The Dodgers had only two hits off Montreal pitcher Floyd Youmans, who was Dwight Gooden's teammate in high school for two years in Tampa, Fla., before his family moved to Fontana, Calif.

Gooden said earlier this season that the 22-year-old Youmans, who is six months older than the Mets' ace, is throwing harder than Doctor K himself.

The Dodgers did little to indicate otherwise. Mike Scioscia lined an opposite-field single in the fourth for the Dodgers' first hit, and Steve Sax grounded a ball through the right side for a single in the sixth.

And rookie Ralph Bryant, who had homered the night before, almost hit a 3-and-0 pitch for another in the fifth, with Expo center fielder Mitch Webster needing to make a leaping catch at the fence, 400 feet away.

But Youmans, even after setting down the last 12 Dodgers in a row, still figured he hadn't done better than break even against Welch.

"Before the game, I was kidding around in the bullpen," Youmans said. "I told the guys I'd try to throw a shutout, and maybe one run would help me."

He didn't get it until Montreal's last at-bat.

Welch had pitched out of a first-and-third, no-out situation in the first inning. He pitched out of a bases-loaded, no-out jam in the third. Each time, he set down the heart of the Expo lineup--Tim Raines, Andre Dawson and Tim Wallach.

Thereafter, he allowed the Expos one more hit, Raines' two-out single in the eighth, then blew away Dawson for his ninth strikeout of the night.

With one out in the ninth, Tom Foley reached when Sax bobbled his slow bouncer. But catcher Scioscia gunned down Foley attempting to steal, and the game was an out away from extra innings.

Law, however, was just a pitch away from ending it with his fifth home run of the season and first hit off Welch in 11 at-bats in 1986.

"I tried to throw him a fastball way inside and didn't get it in there enough," Welch said. "And I guess he was looking for it.

"I'm sure having a helluva time getting that 100th win."

Welch (6-11) has tried three times for his 100th career win. He lost his last start in the ninth inning, too, on an unearned run to the Phillies. He has won just three times since April, despite giving up just 12 earned runs in his last six starts.

"I can't be satisfied with the results," Welch said, "but I'm throwing the ball very well and I feel great physically.

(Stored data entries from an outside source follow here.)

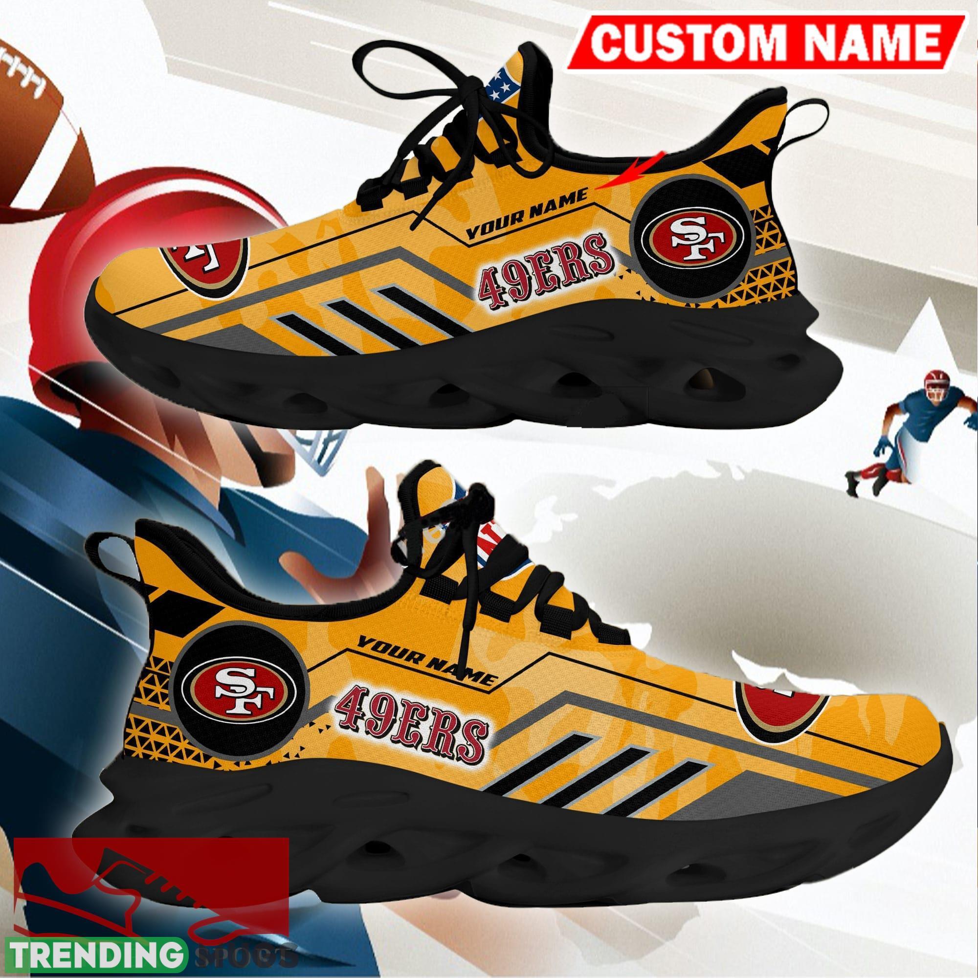 San Francisco 49ers NFL Logo Running Sneakers Camo Yellow Max Soul Shoes Personalized information:
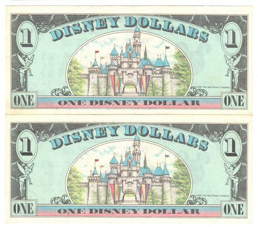 USA $1 1 Disney Dollar - Consecutive Pair Circulated Series A 1979 A00408071A & 72A
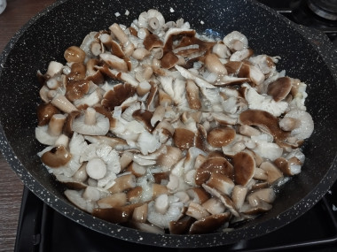 Затем выложите в сковороду грибы и перемешайте их с луком. Обжаривайте еще 2-3 минуты.

"This is a rough part of the season. You have to kind of take a different perspective--the fun of playing has to take over."

There was fun while it lasted for Vance Law. He prays there will be much more, too, to share with a 4-year-old named Natalie.

Dodger Notes Steve Sax's stolen base in the sixth was the 200th of his career. But with no outs and Sax on second, the Dodgers couldn't score him, as Floyd Youmans set down Dave Anderson and Bill Madlock on popups and got Greg Brock on a liner to the track in center. . . . The Dodgers made three errors, two by Anderson and one by Sax, giving them 151 in 132 games. . . . Franklin Stubbs struck out in all three at-bats Tuesday. In his last 33 games, Stubbs is batting .153 (17 for 111), dropping his average 36 points, from .270 to .234. In that time, he has just two home runs and five RBIs, while striking out 34 times.